More parameter examples

Static parameters

Imagine your app contains list of users and each user has set of tasks. The routes are defined as follows:

interface User {
  userId: number,
  name: string,
  address: string,
  tasks: Task[]
}

interface Task {
  taskId: number,
  description: string
}


export const TASK_DETAIL_ROUTE = new RdtRouteBuilder<Task>()
  .setName('Task detail')
  .setPath('task/:taskId')
  .setParam('taskId', 'number')
  .build();

export const USER_DETAIL_ROUTE = new RdtRouteBuilder<User>()
  .setName('User detail')
  .setPath(':userId')
  .setParam('userId', 'number')
  .setChildren(TASK_DETAIL_ROUTE)
  .build();

export const USER_LIST_ROUTE = new RdtRouteBuilder()
  .setName('Users')
  .setPath('user')
  .setChildren(USER_DETAIL_ROUTE)
  .build();

This translates into path /user/:userId/task/:taskId for task detail route.
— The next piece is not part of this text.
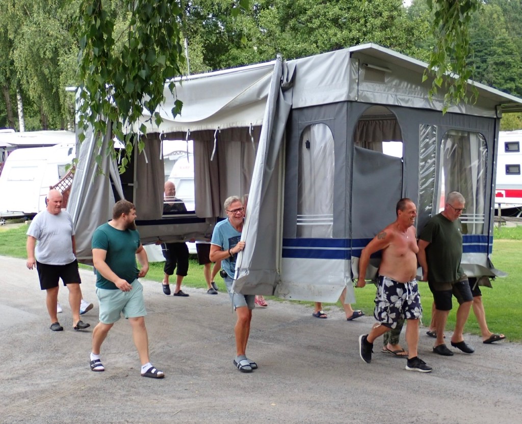 Så då var det dags igen för matte att hjälpa till med en tältflytt. Vi satt på vår veranda och tittade på när tältet kom gåendes.
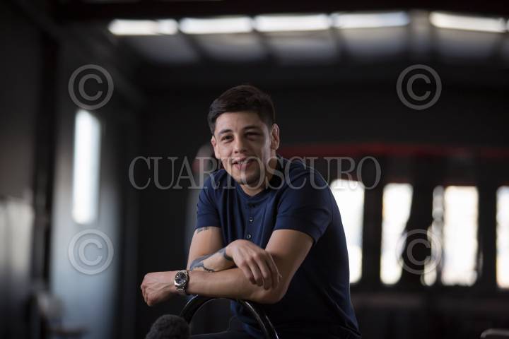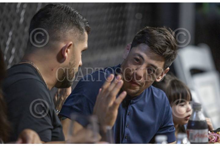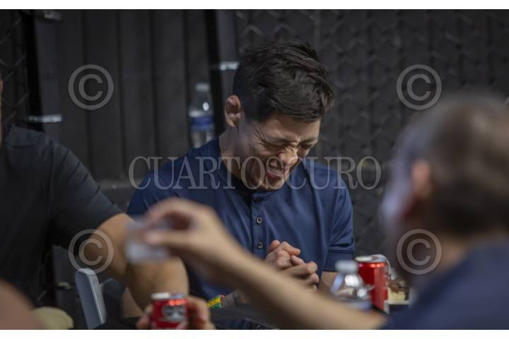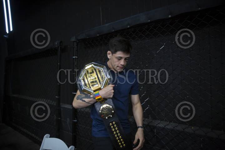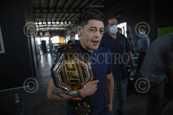 Brandon Moreno en conferencia de prensa con periodistas mexicanos después de conseguir el campeonato de la UFC (Ultimate Fighting Championship).

Now inside UserDetailComponent there's a for loop rendering individual tasks and you want to have links to them. You cannot use directly:

<button [rdtRouterLink]="TASK_DETAIL_ROUTE" [params]="task"></button>

Because task does not specify userId. For this you must provide static parameters for every parent route - User for USER_DETAIL_ROUTE in this case:

@Input()
user!: User;

taskRoute!: RdtRoute<Task>;

ngOnInit() {
  this.taskRoute = TASK_DETAIL_ROUTE.withStaticParams(USER_DETAIL_ROUTE, this.user);
}

Method withStaticParams() returns clone of TASK_DETAIL_ROUTE and all of its parent routes while fixing parameters. You can chain calling withStaticParams with itself or other method calls.

<button [rdtRouterLink]="taskRoute" [params]="task"></button>

Ecosystem

RdtRouterLink

RdtRouterLink is equivalent of RouterLink in Angular. It supports basically the same functionality, but adds type safety. RdtRouterLink will be disabled if canBeEntered of its route returns false.
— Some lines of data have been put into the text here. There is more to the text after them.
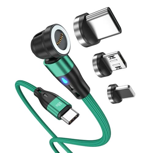 Cable de carga rápida Enkay PD60W Tipo-C a Tipo-C 8 Pines Micro USB Magnético 540° Rotación (Verde) 1 m
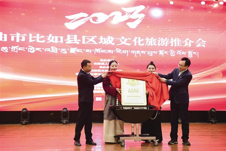 隨后,比如縣、索縣、巴青縣、嘉黎縣代表依次通過文旅資源推介向大家展現(xiàn)了不同縣區(qū)別樣的自然風(fēng)光與人文風(fēng)采。同時(shí),現(xiàn)場還舉辦了比如唐蕃古道文化旅游景區(qū)國家AAAA級旅游景區(qū)揭牌儀式。
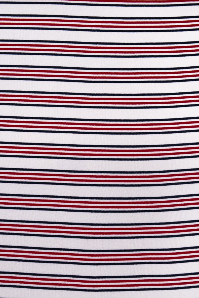 Talianska viskózová pletenina s červenými a námorníckymi modrými pruhmi na krémovom pozadí. Viskózový úplet je prírodná tkanina (získaná z celulózy), veľmi mäkká, vzdušná, prídavok elastanu ju robí odolnejšou a odolnejšou.

readonly userRoute = USER_DETAIL_ROUTE;
readonly user$ = inject(UserService).getUser$();
<button 
  [rdtRouterLink]="userRoute" 
  [params]="user$ | async"
  target="_blank">
Link to user
</button>

RdtMenu

RdtRoute can be passed directly into RdtMenuItem. If canBeEntered returns false, then the item won't be visible. This is useful to hide items user has no permission for.
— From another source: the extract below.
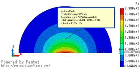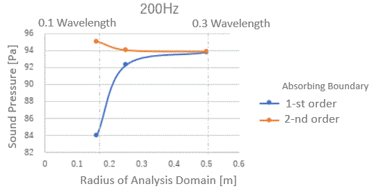 As the graph shows, the sound pressure converges to a certain value as the analysis space expands. The calculation error is large with a small analysis domain.

Method withStaticParams lets us provide parameters for given RdtRoute, because RdtMenuItem does not accept route parameters.

public getMenuItems(): RdtMenuItem[] {
  const user: Partial<User> = {
    userId: 123,
    name: 'Josef'
  };

  return [
    {
      label: 'All users',
      routerLink: USER_LIST_ROUTE
    },
    {
      label: 'Josef',
      routerLink: USER_DETAIL_ROUTE.withStaticParams(user)
    }
  ];
}

RdtAngularRoute

RdtAngularRoute is a container class for RdtRoute which functionally does two things: verifies that routes were defined correctly and enables you to provide guards, effects, component or module. Don't forget to call build() for it to generate Angular Route.

RdtRouterService

RdtRouterService has similar features as Angular Router.

parseAbsoluteUrl()

Method will parse absolute path, recognize RdtRoute and parse its parameters. If no parameter is provided, then window location is used.

navigateBack()

Will push parent route to navigation stack. Function works anywhere in the app unlike similar Angular-based solution using ActivatedRoute.

Hitting native browser back button will take you back forward. In case you want true back function, use inject(Location).back() which removes from navigation stack, but can potentially take you outside of the app or close browser window.

previousUrl and currentUrl

Cached sync values of previous and current path values. For example /dashboard or /user/123/task/xyz.